- Exercise description: With pictures left out, retype exactly the lines from the one containing "Spinning top day" through the final line of the entries.

━━ Available data ━━

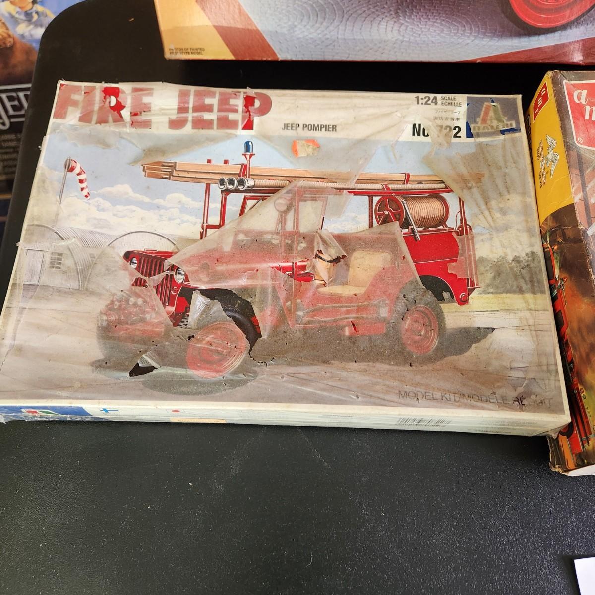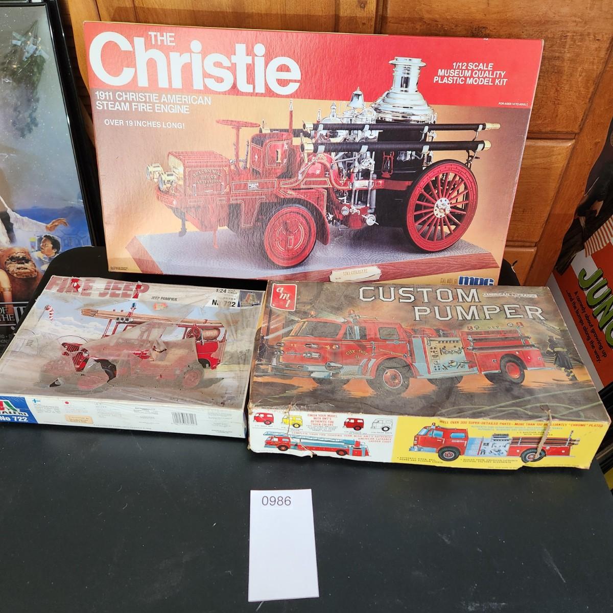 3 Models Fire Trucks Christie Fire Jeep Sealed Pumper Box only with Misc parts inside
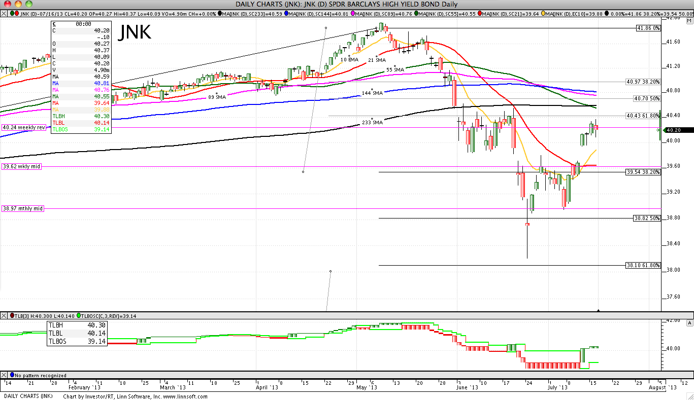 Spinning top day (bearish harami?). Midpoint above EMA(10). Holding above SMA(21). Holding above its 38.2% retrace (39.54). No daily 3LB changes (reversal is 39.14).
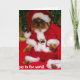 Um cartão de Natal adorável apresenta Yorkie Terrier (Annie) em sua roupa de Papai Noel desejando a todos, "Alegria ao mundo!"
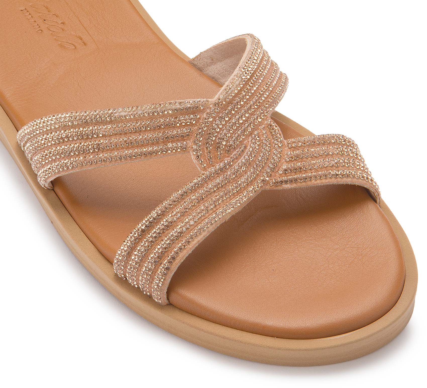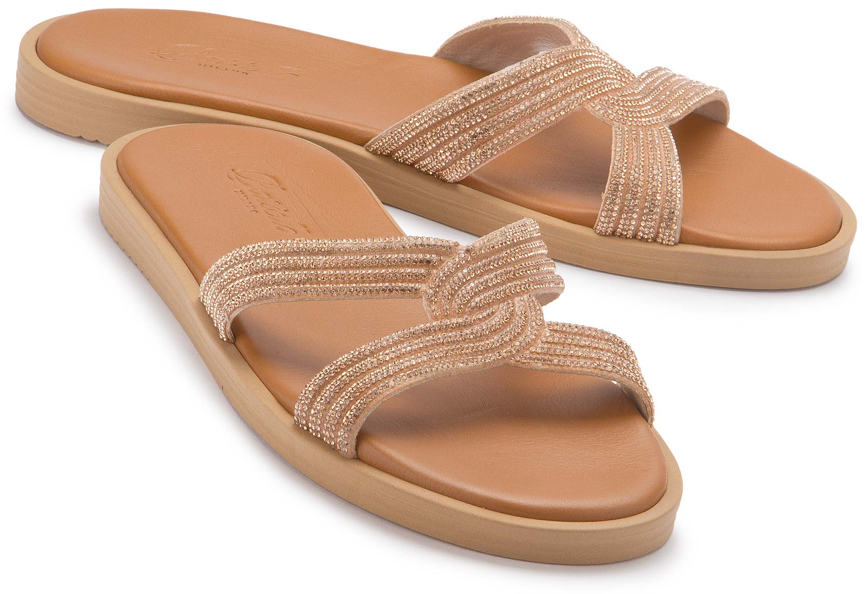 Ein Muss für Trendsetter: Diese eleganten Pantoletten sind ein wahrer Hingucker für jeden Anlass. Das raffinierte Knoten-Design verleiht ihnen einen edlen Touch, während die funkelnden Strasssteine für das gewisse Extra sorgen. Egal ob zu einem schicken Abendessen oder für einen gemütlichen Tag am Strand, mit diesen Pantoletten ziehst du alle Blicke auf dich. Gönn dir diesen luxuriösen Look und genieße den Komfort und Stil dieser einzigartigen Schuhe.
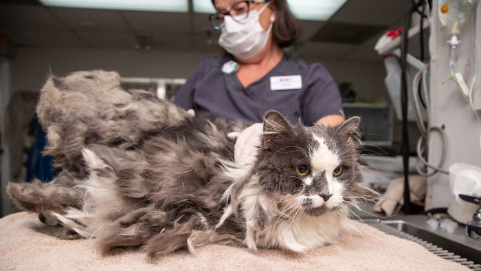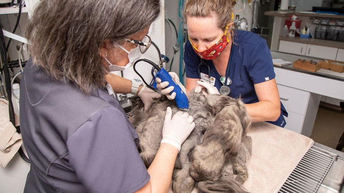 It took around an hour for the team to remove all of Fluffer's matted fur.
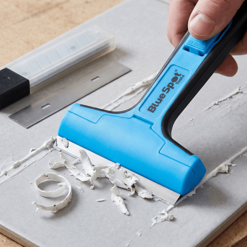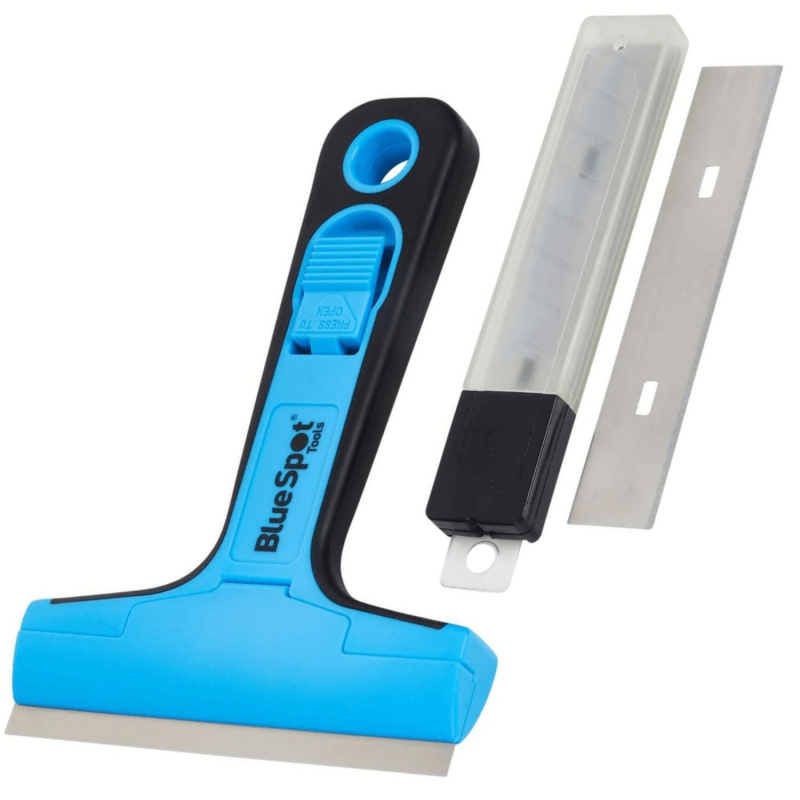 The Blue Spot Tools 100mm Quick Change Blade Scraper removes silicone, scale, and paint from glass and tiles. The press-to-open blade mechanism and anti-slip grip make the job quicker and more controlled. Ten spare blades come included, and the product carries Blue Spot Tools' lifetime guarantee.

━━━

- Response area:
 Spinning top day (bearish harami?). Midpoint above EMA(10). Holding above SMA(21). Holding above its 38.2% retrace (39.54). No daily 3LB changes (reversal is 39.14).
 Um cartão de Natal adorável apresenta Yorkie Terrier (Annie) em sua roupa de Papai Noel desejando a todos, "Alegria ao mundo!"
 Ein Muss für Trendsetter: Diese eleganten Pantoletten sind ein wahrer Hingucker für jeden Anlass. Das raffinierte Knoten-Design verleiht ihnen einen edlen Touch, während die funkelnden Strasssteine für das gewisse Extra sorgen. Egal ob zu einem schicken Abendessen oder für einen gemütlichen Tag am Strand, mit diesen Pantoletten ziehst du alle Blicke auf dich. Gönn dir diesen luxuriösen Look und genieße den Komfort und Stil dieser einzigartigen Schuhe.
 It took around an hour for the team to remove all of Fluffer's matted fur.
 The Blue Spot Tools 100mm Quick Change Blade Scraper removes silicone, scale, and paint from glass and tiles. The press-to-open blade mechanism and anti-slip grip make the job quicker and more controlled. Ten spare blades come included, and the product carries Blue Spot Tools' lifetime guarantee.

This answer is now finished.